TSonam wrote:1) When positive integer n is divided by 3, remainder is 2. When positive integer t is divided by 5, remainder is 3. What is the remainder when product nt is divided by 15.
a) n -2 is divisible by 5
b) t is divisible by 3
please provide explaination.
Hi
My two cents...
from Q:
n=3i + 2 [i>=0]
t=5j + 3 [j>=0]
so
nt = (3i+2)(5j+3)
=15ij + 9i + 10j + 6
Since the divisor is 15 then 15ij portion can be removed and we consider
Remainder = 9i + 10j + 6
Now----
1 & 2 can't be considered for seperately sufficient because each gives infor about either i or j sepearately which is not good enuf.

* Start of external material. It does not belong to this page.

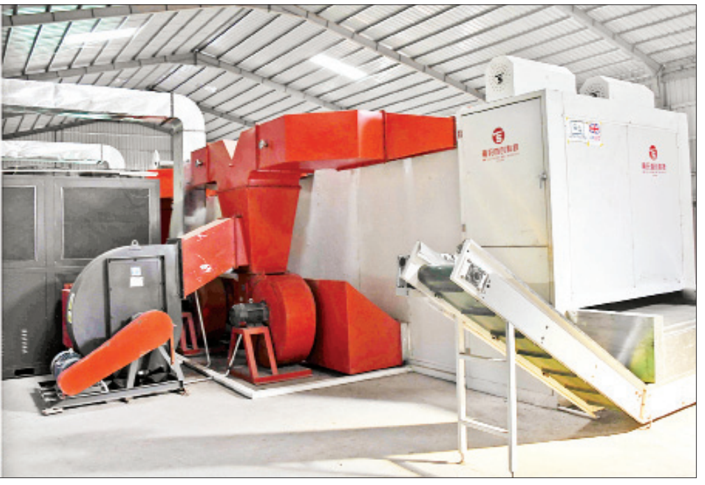
ဒုတိယသမ္မတ ဦးဟင်နရီဗန်ထီးယူ မင်းတပ်မြို့နယ်ရှိ “ဝ”ဥလွှာခြောက်စက်ရုံကို ကြည့်ရှုစစ်ဆေးစဉ်။

လျက်ရှိပြီး ဆက်လက် အကောင် အထည်ဖော် ဆောင်ရွက်နိုင်ရန် ကြိုးပမ်းလျက်ရှိပါကြောင်း။ ချင်းပြည်နယ်၏ မိရိုးဖလာ ရွှေ့ပြောင်းတောင်ယာစနစ်ကို အစား ထိုးနိုင်ရေးအတွက် ချင်းပြည်နယ်၏ တောတောင်ရေမြေ သဘာဝနှင့် ကိုက်ညီပြီး ဈေးကွက်ဝင်သည့် “ဝ”ဥ ကော်ဖီနှင့် ထောပတ် စီးပွားဖြစ် စိုက်ပျိုးထုတ်လုပ်ခြင်းကို ကြိုးပမ်း ဆောင်ရွက်သွားကြရမည် ဖြစ်ပါ ကြောင်း၊ ချင်းပြည်နယ်အတွင်းရှိ စိုက်ပျိုးရေးလုပ်ငန်းများနှင့် အသေး စားနှင့် အလတ်စား လုပ်ငန်းများ ချေးငွေရရှိနိုင်ရေးအတွက် နည်းလမ်း များ ရှာဖွေဖော်ထုတ်ဆောင်ရွက်ပေး သွားကြရမည် ဖြစ်ပါကြောင်း၊ နိုင်ငံတော်အစိုးရက ပြည်နယ်ဖွံ့ဖြိုး ရေးလုပ်ငန်းများ တိုးမြှင့်ဆောင်ရွက် ပေးနေသည့်ကာလတွင် ဒေသခံ ပြည်သူများအနေဖြင့် နိုင်ငံ၏ စီးပွားရေးဖွံ့ဖြိုးတိုးတက်မှုလုပ်ငန်း များတွင် တတ်အားသရွေ့ ပူးပေါင်း ပါဝင်ဆောင်ရွက်သွားကြရမည် ဖြစ်ပါ ကြောင်း၊ သို့မှသာ ဖွံ့ဖြိုးတိုးတက်မှုကို အလျင်အမြန် ရရှိခံစားနိုင်ကြမည် ဖြစ်ပါကြောင်း ပြောကြားသည်။

then consider two together
1. n - 2 is divisible by 5
=> 3i is divisible by 5
=> i=0,5,15,20,25....
We cant simply say for all i's the term 9i is divisible by 15.
2. t is divisble by 3
=> 5j + 3 divisible by 3
=> 5j divisible by 3
=> j=0,3,6,9,12.... etc
=> A simple viewing at remainder will show that for all j's 10j term is divisible by 15.
3) Now combine 1 & 2
t(n-2) is divisible by 3*15
tn - 2t is divisible by 15
tn remainder is inserted here
=> (9i + 10j + 6)-2(5j+3) is divisible ...
=> 9i is divisible by 15
so based on 3 and 2 we can say that both terms 9i and 10j in 9i + 10j + 6 are divisible by 15.
Which means 6 is the remainder always and (C) is the answer.
Pardon my being too simplistic at someplaces.
Rgds
-Sandy